Do you see the problem?

People who are probably never selling horses themselves, who got some money for this fun, not necessarily a large sum. They are like shopping for a new car, not a living soul. And are doing it in a professional showroom, not with people have personal relations with the “sale object”. And another complete piece of nonsense is this idea that if a person bought a horse and paid money for it, then automatically they will care for it properly, understand how to manage it, understand what to do with it, and behave responsibly toward it. Personally with this particular creature and its demands.

That is absolute nonsense. Money mostly gives people another illusion that now they have the right to demand, check, try, question, pressure, negotiate, destroy everyone’s brains, and then still leave because "they are not sure." The whole crowd believes that the buyer is always right.

They see the picture. They want the result. They ask whether it can be bought. But they can not complete anything. Like zombies. The horse buyer world has degraded so badly and become so full of internet idiots, irresponsible people, lunatics, people who understand nothing, have no real connection to horses, or have simply lost touch with reality completely, that it becomes harder and harder to meet with those rare cases where you are dealing with a normal person.
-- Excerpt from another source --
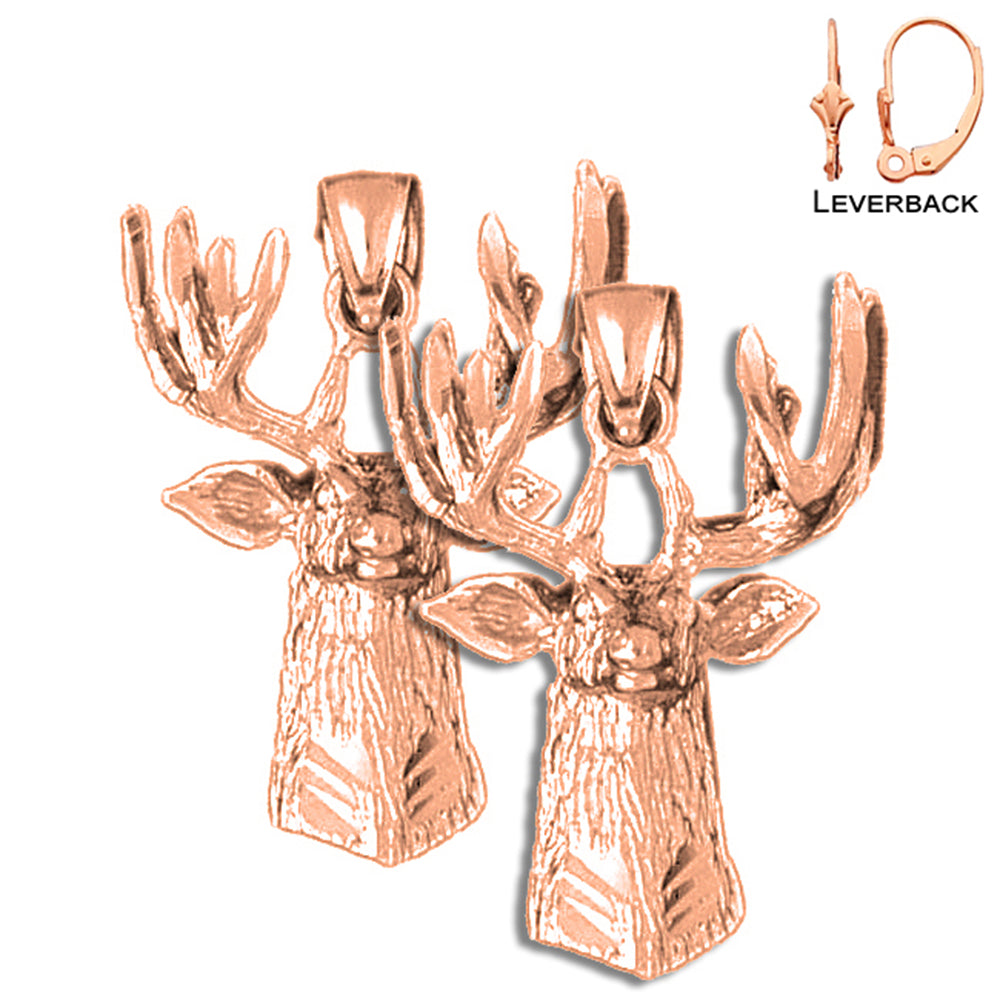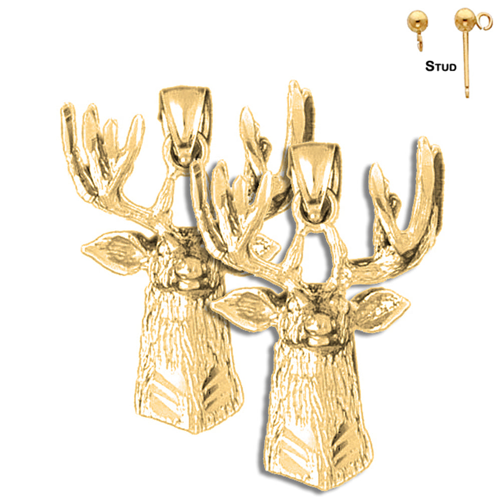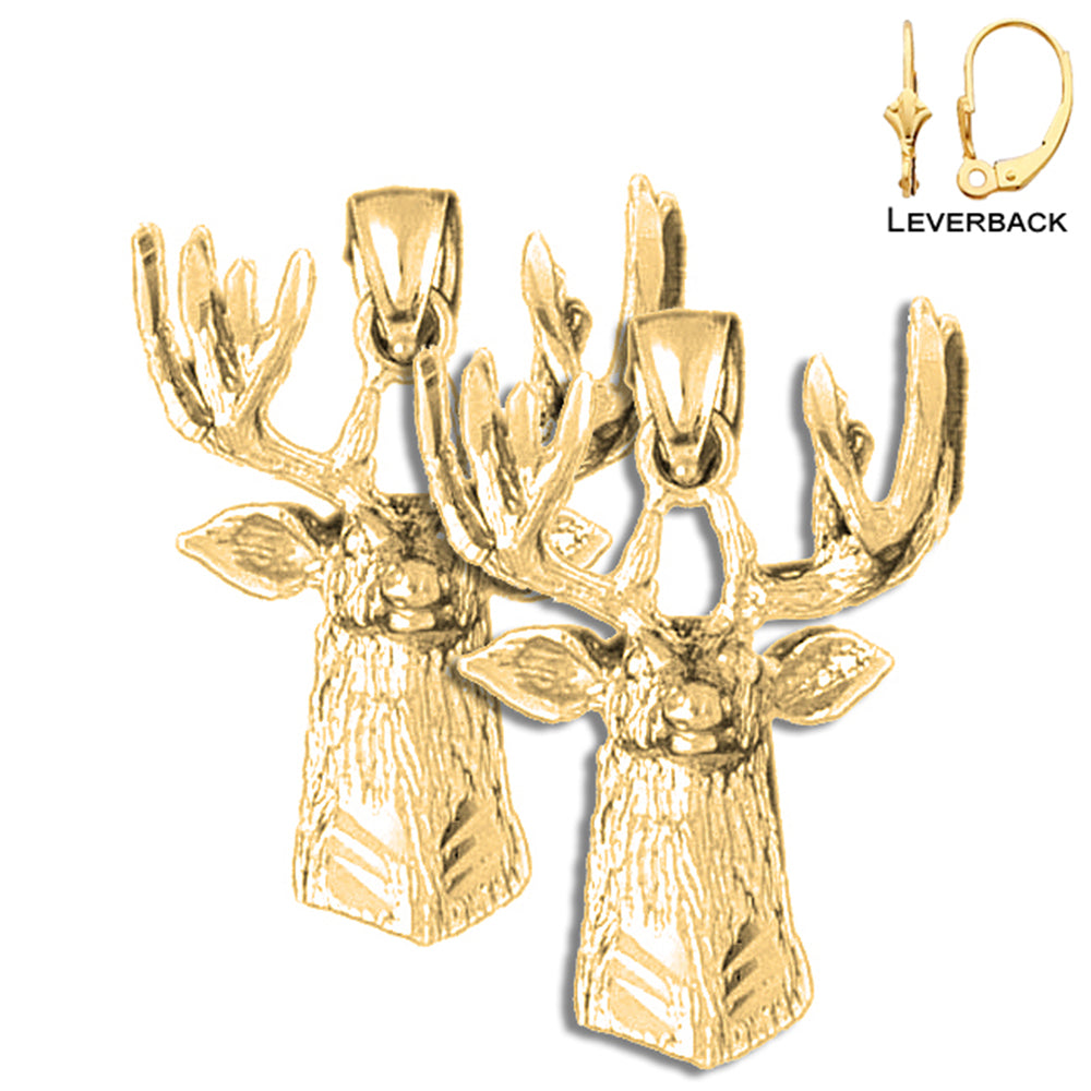 This is an elegant 14k yellow gold 33mm deer earrings. This 14k yellow gold earrings measures 33 mm in length by 24 mm width. JewelsObsession creates all gold jewelry in our state of the art manufacturing facility.

A person who genuinely wants the horse. A person who understands what and why they are doing. Meeting normal people in this zombie horse-buying apocalypse becomes really rare. So a completely natural reaction appears: to stop dealing with it altogether. And instead to create a completely different approach to the question.

A different approach to how horses can move between people. What should happen to a horse when it is time for it to continue its life with somebody else. The entire seller-horse-buyer system is rapidly degrading.

It has not completely collapsed yet. But it is clearly moving in that direction. And as far as we are concerned, we are already out of it.